Arrival is now officially declared bankrupt. (link) We’ve covered Arrivals story both up and down, most recently back at the end of March when it sold some of its assets, including manufacturing equipment to Canoo. Arrival was valued at over $13 billion during the peak EV hype cycle, has been backed by Hyundai and UPS, and was set to build microfactories all around. I was most excited for the Arrival Bus to hit the streets.

Without further eulogy, we shall bid farewell to the Arrival Van and Arrival Bus 👋 

I know Arrival had some deeper EV technology partnerships with Charge Cars, one of my favorite re-build EV startups out there that is producing the ‘67 Mustangs, fully electric, from scratch. Only 499 will be made. I hope they don’t take a hit from Arrival’s downfall.
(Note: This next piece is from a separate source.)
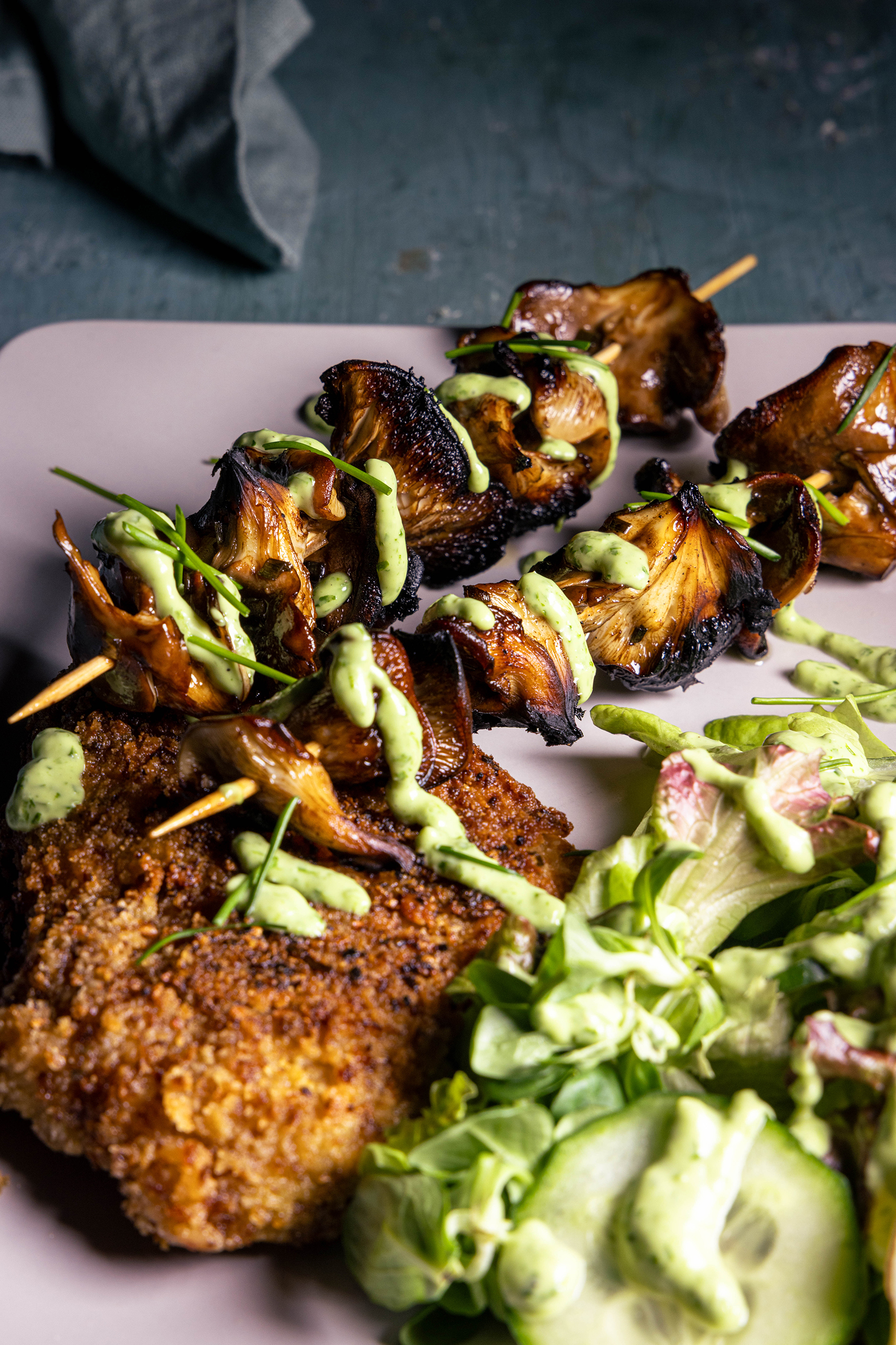 Austernseitlinge am Spieß mit Zitronenaioli

🇺🇸 Ford is walking back on its dealer certification plan where it required dealerships that wanted to sell EVs to go through an EV certification and infrastructure program, which meant up to a $1.2M investment for dealerships. (link) This seems like one of the collateral damages of Ford’s EV plan delays.
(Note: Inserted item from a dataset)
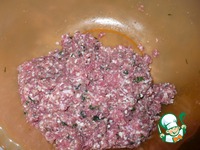 Делаем фарш. Мясо прокручиваем 2 раза, добавляем туда рис, мелко нарубленную кинзу, яйца, солим и перчим по вкусу. |

🇬🇧 EVA England launched the EV Drivers’ Manifesto (8-page pdf), asking the government 12 points ranging from introducing zero-interest loans for used EVs to reducing VAT on electricity and fixing the EV insurance market.

🇳🇵 The country saves money thanks to EVs: the Nepal Electricity Authority estimates use of EVs has reduced oil import costs by $22 million a year, and the savings are increasing. (link) The country is pledging to raise EVs to 25% of all auto sales by 2025 and 90% by 2030, and is charging lower duties on EVs.

Rivian launched the refreshed R1S and R1T. (link) (video)

They start at $75,900 and $69,900 respectively, and here’s some of what’s new:

  • Most of the updates were in the interior and tech, with the most notable exterior change being the charging indicator LEDs in the tail light bar and at the front;

  • More than half of the hardware components have been updated;

  • New wheels and tires, and interior trims, new heat pump;

  • Dolby Atmos system and Apple Music now integrated;

  • Using NVIDIA chips now with 10x the compute of old system, 17 ECUs reduced to 7, and

  • Rivian launched its new in-house developed autonomy system called Rivian Autonomy Platform, powered by 11 cameras, five radars, and AI prediction technology.

  • Keyless entry that can be added to Apple Wallet;

  • Instantly tintable sunroof (video of it in action);

  • The highest-end R1T now has 1,025 horsepower, does 0-60mph in <2.5s. Here’s CEO RJ Scaringe showing Launch Mode (video).

  • New game-like User Interface powered by Unreal Engine (video); if you want to geek out further, here’s the backstory of the design by Unreal (link). This is how the background on Rock Crawl mode looks like:

Elsewhere:

Cadillac Optiq overview: (link)

Fun: when the Cybertruck is updating, its steering wheel becomes completely loose, as there’s no mechanical connection to the wheels with the steer-by-wire system (video).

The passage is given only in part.